▶ **Task prompt**:
Line by line, restate the material word for word, omitting any image.

▶ **Excerpted data**:
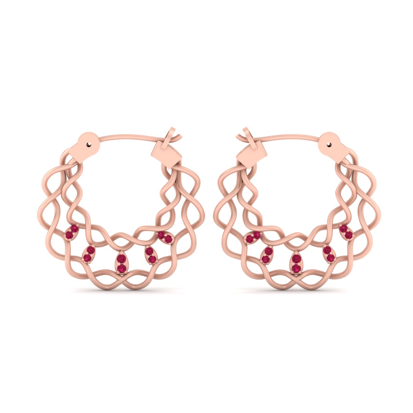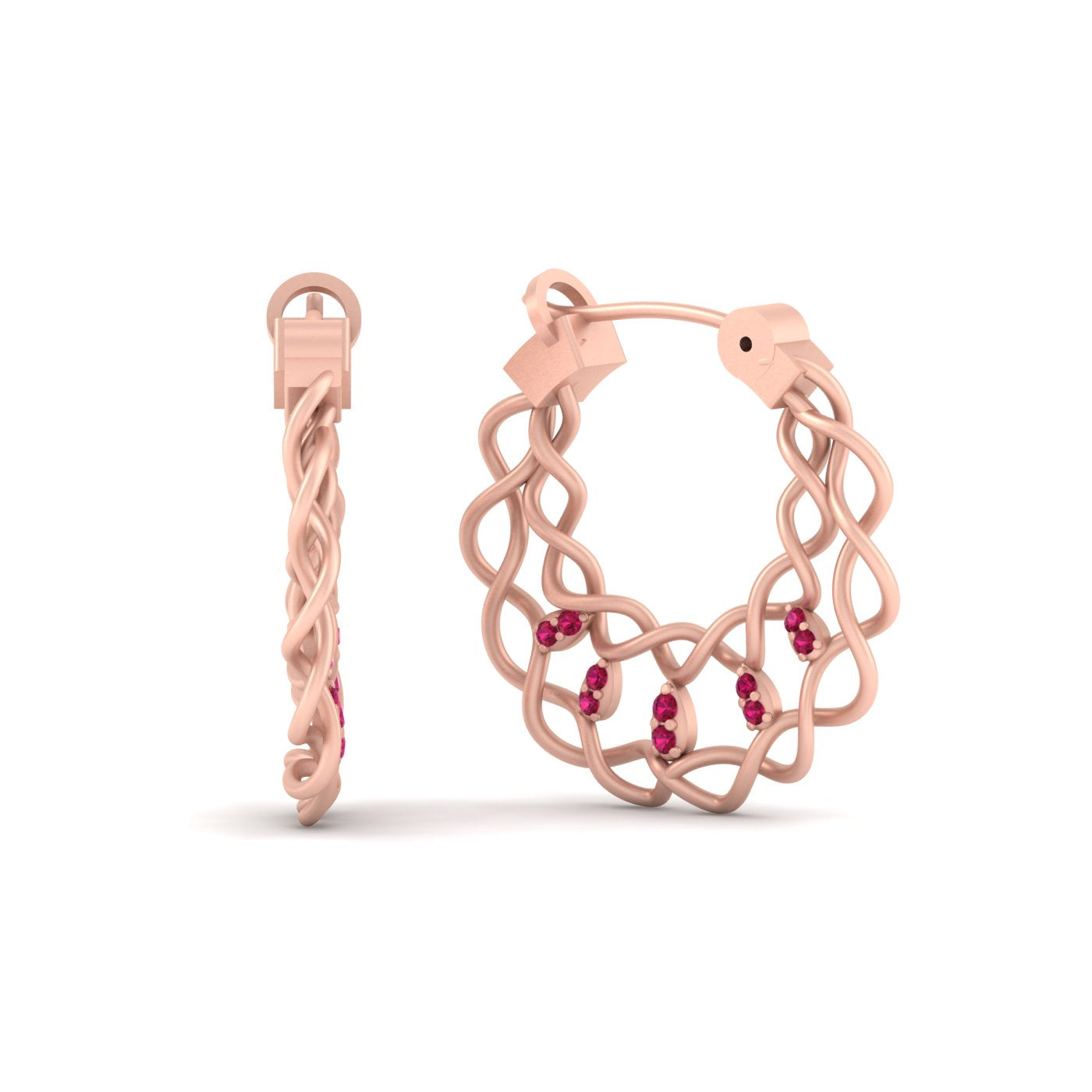Pink Diamond Entwined Earrings Rose Gold Hoop Engagement Earrings
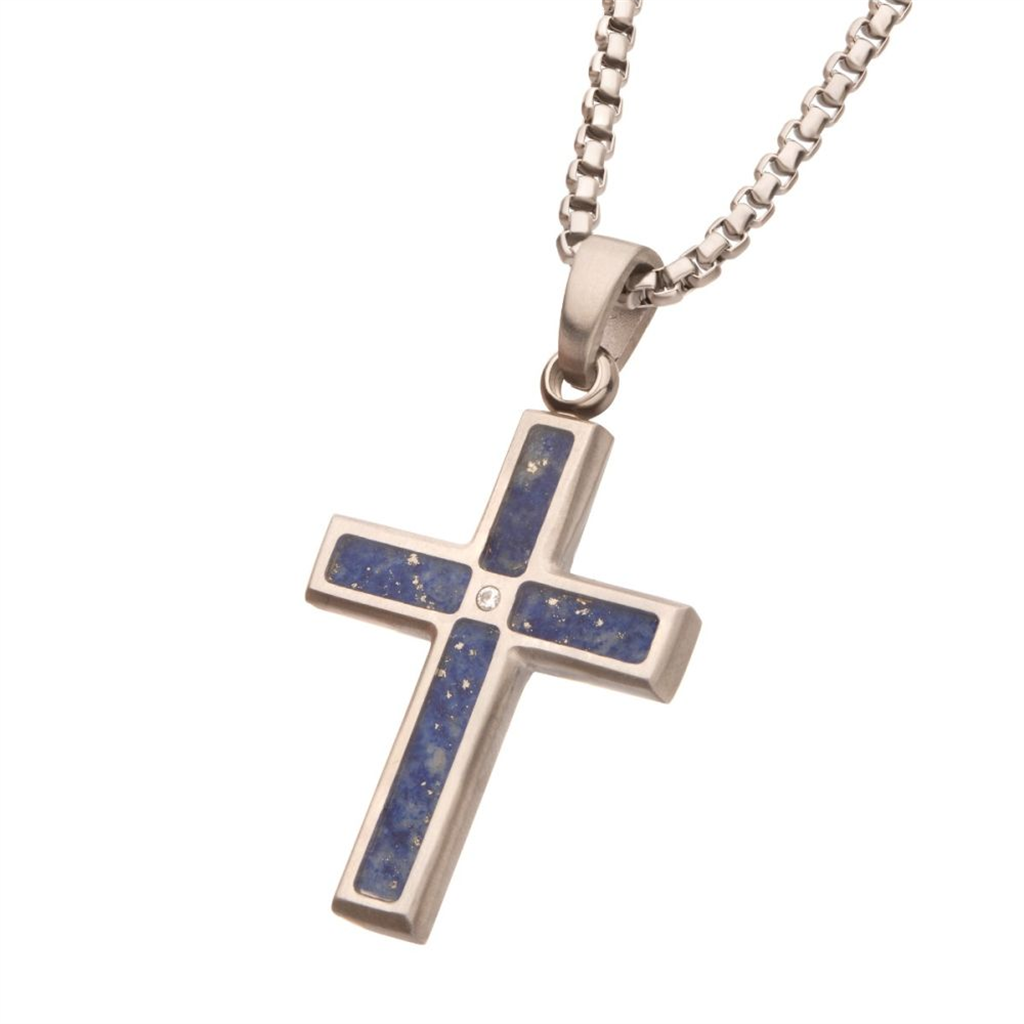 Matte Finish Stainless Steel Lapis Lazuli Stone Inlay With Lab-Grown Diamond Cross Pendant
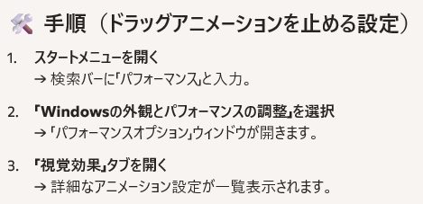 「視覚効果」タブの中で不必要なアニメーション設定のチェックを外して、「OK」ボタンを押します。
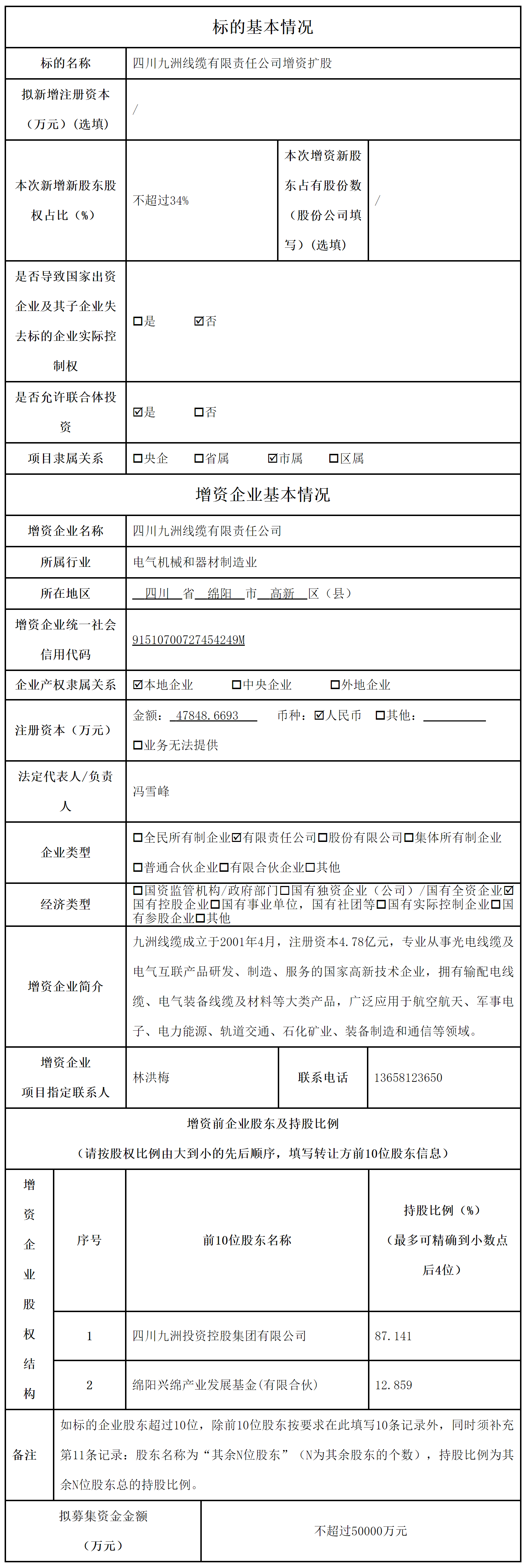 四川九洲線纜有限責任公司增資擴股項目信息預披露
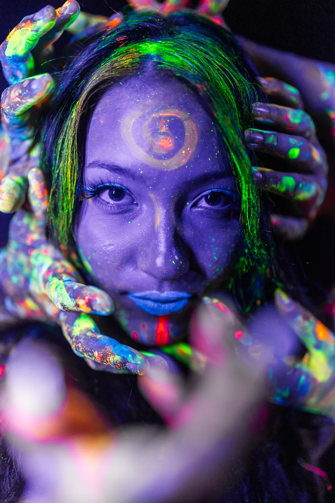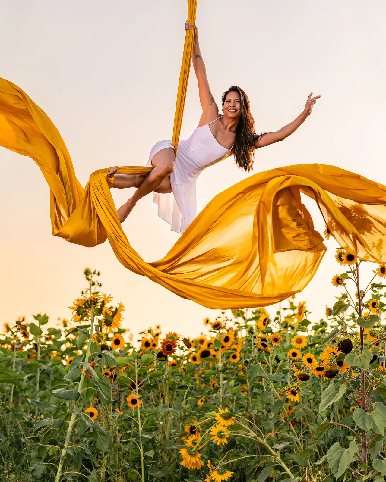 Aerialist soars above a sunflower field on the apparatus aerial silks.

▶ **Result of the exercise**:
Pink Diamond Entwined Earrings Rose Gold Hoop Engagement Earrings
 Matte Finish Stainless Steel Lapis Lazuli Stone Inlay With Lab-Grown Diamond Cross Pendant
 「視覚効果」タブの中で不必要なアニメーション設定のチェックを外して、「OK」ボタンを押します。
 四川九洲線纜有限責任公司增資擴股項目信息預披露
 Aerialist soars above a sunflower field on the apparatus aerial silks.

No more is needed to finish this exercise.